The authors review and summarise the applications of LM-based agents in several major engineering domains:

Civil Engineering: LM-based agents can be used to design and optimise complex structures such as buildings, bridges, dams, and roads. An example is an interactive framework where human architects and agents collaborate to construct structures in a 3D simulation environment.

Computer Science & Software Engineering: LM-based agents offer potential for automating coding, testing, debugging, and documentation generation. Examples include an end-to-end framework where multiple agent roles communicate and collaborate through natural language conversations to complete the software development life cycle, and a self-collaboration framework for code generation using LMs.

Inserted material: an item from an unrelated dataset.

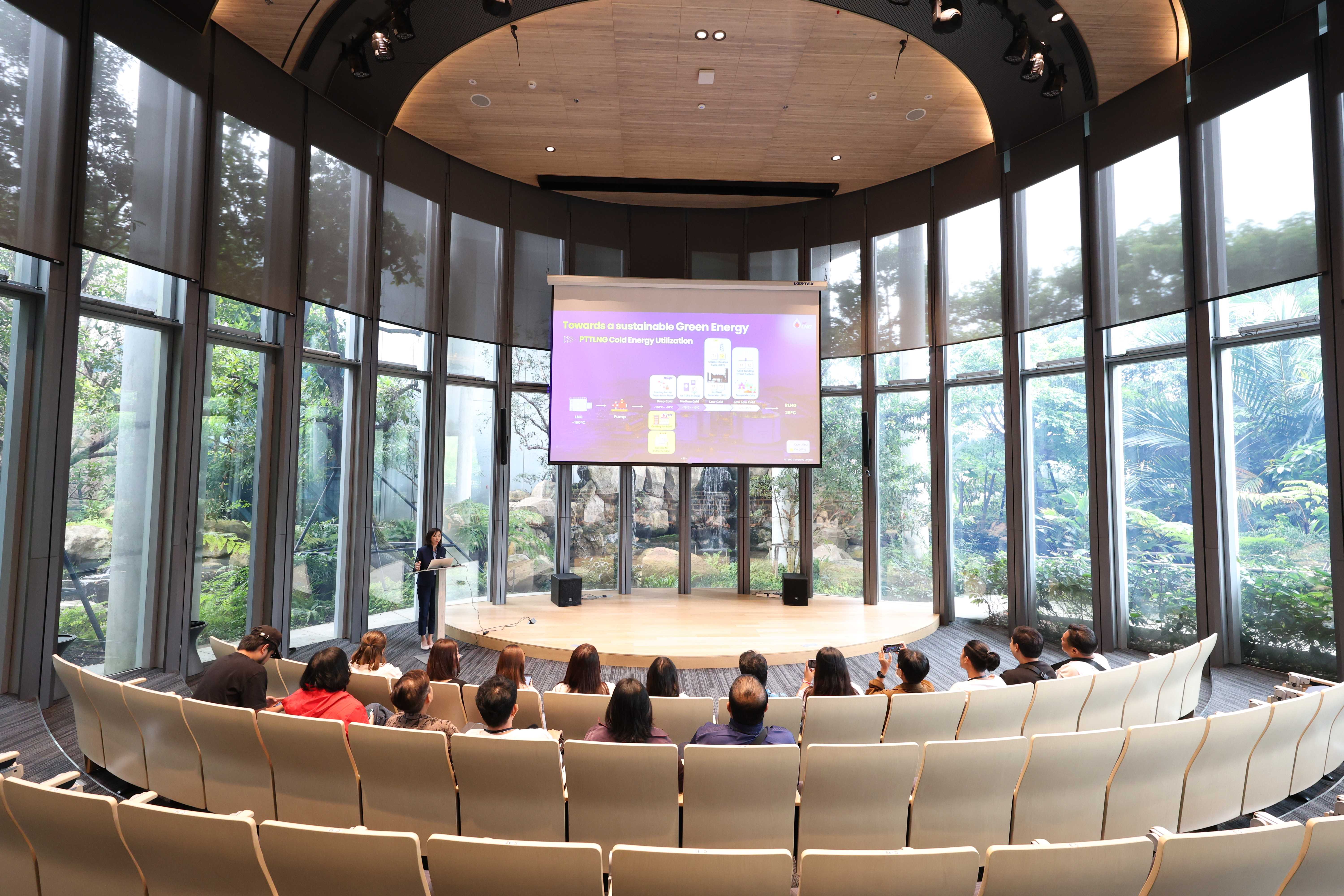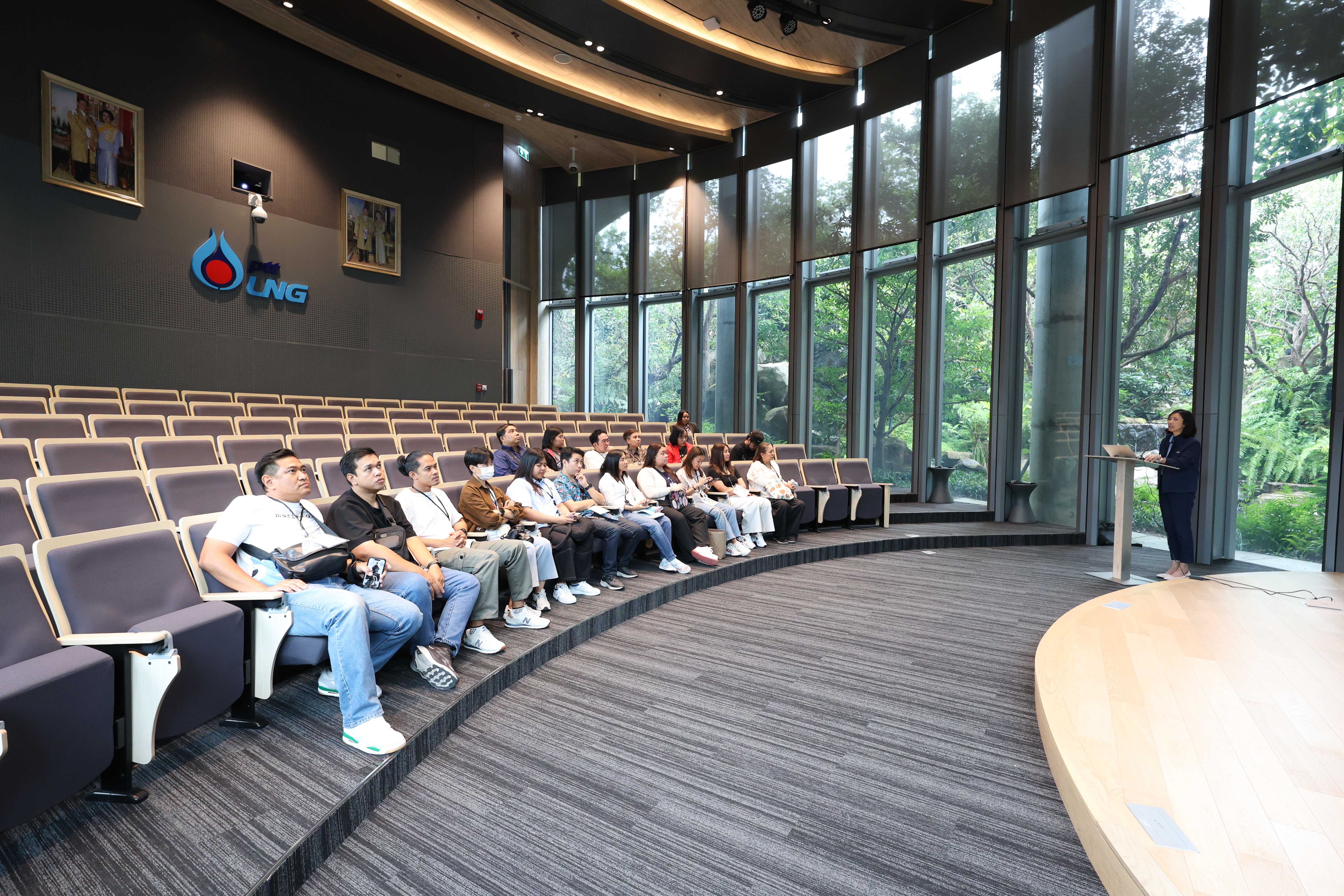 วันที่ 23 กรกฎาคม พ.ศ. 2568  PTTLNG ให้การต้อนรับคณะบุคลากรส่วนกิจการเพื่อสังคม มหาวิทยาลัยศรีนครินทรวิโรฒ เนื่องในโอกาสเยี่ยมชม PTTLNG เพื่อศึกษาเรียนรู้แนวปฏิบัติที่ดีด้านความรับผิดชอบต่อสังคมและสิ่งแวดล้อมที่สอดคล้องกับกระบวนการทำงานของบริษัทฯ และระบบการจัดการพลังงานได้อย่างมีประสิทธิภาพ โดยการนำความเย็นจากกระบวนการแปรสภาพก๊าซธรรมชาติเหลว (LNG) มาใช้ให้เกิดประโยชน์สูงสุด ควบคู่กับการอนุรักษ์สิ่งแวดล้อมได้อย่างยั่งยืน โดยคณะฯได้รับฟังการบรรยายสรุป “ภาพรวมการดำเนินธุรกิจ PTTLNG” โดย คุณจุฑารัตน์ พิทักษ์วาทิน พนักงานประชาสัมพันธ์อาวุโส หลังจากนั้น คณะฯได้เข้าเยี่ยมชมไม้เมืองหนาวภายในอาคารนิทรรศน์พรรณพฤกษา นับเป็นอาคารที่นำพลังงานความเย็นจากก๊าซธรรมชาติเหลว (LNG) มาใช้ในการจัดแสดงพรรณไม้เมืองหนาวที่อุณหภูมิ 15 องศาเซลเซียส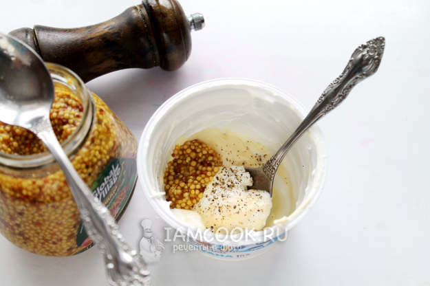 Затем сразу готовим заправку, т.к. она нужна на всех этапах приготовления салата. Для этого соединяем сметану и майонез, добавляем горчицу - я люблю зерновую, но можно взять обычную (количество регулируйте в зависимости от ее остроты), для аромата чуть приперчим. Хорошо перемешаем смесь до однородности, вот и все - заправка готова.

Industrial Automation: LM-based agents can be used to achieve intelligent planning and control of production processes. An example is a framework that integrates LMs with digital twin systems to accommodate flexible production needs.

Robotics & Embodied Artificial Intelligence: Recent works have developed more efficient reinforcement learning agents for robotics and embodied artificial intelligence, focusing on enhancing autonomous agents' abilities for planning, reasoning, and collaboration in embodied environments.

Lastly, the authors remark on the risks and challenges associated with using LLM-based agents in these applications, such as the susceptibility of LLMs to illusions and other issues, and the potential for malicious exploitation.

They emphasise the need for users to possess the necessary expertise and knowledge to exercise caution during experimentation and the importance of implementing security measures to ensure responsible and ethical use.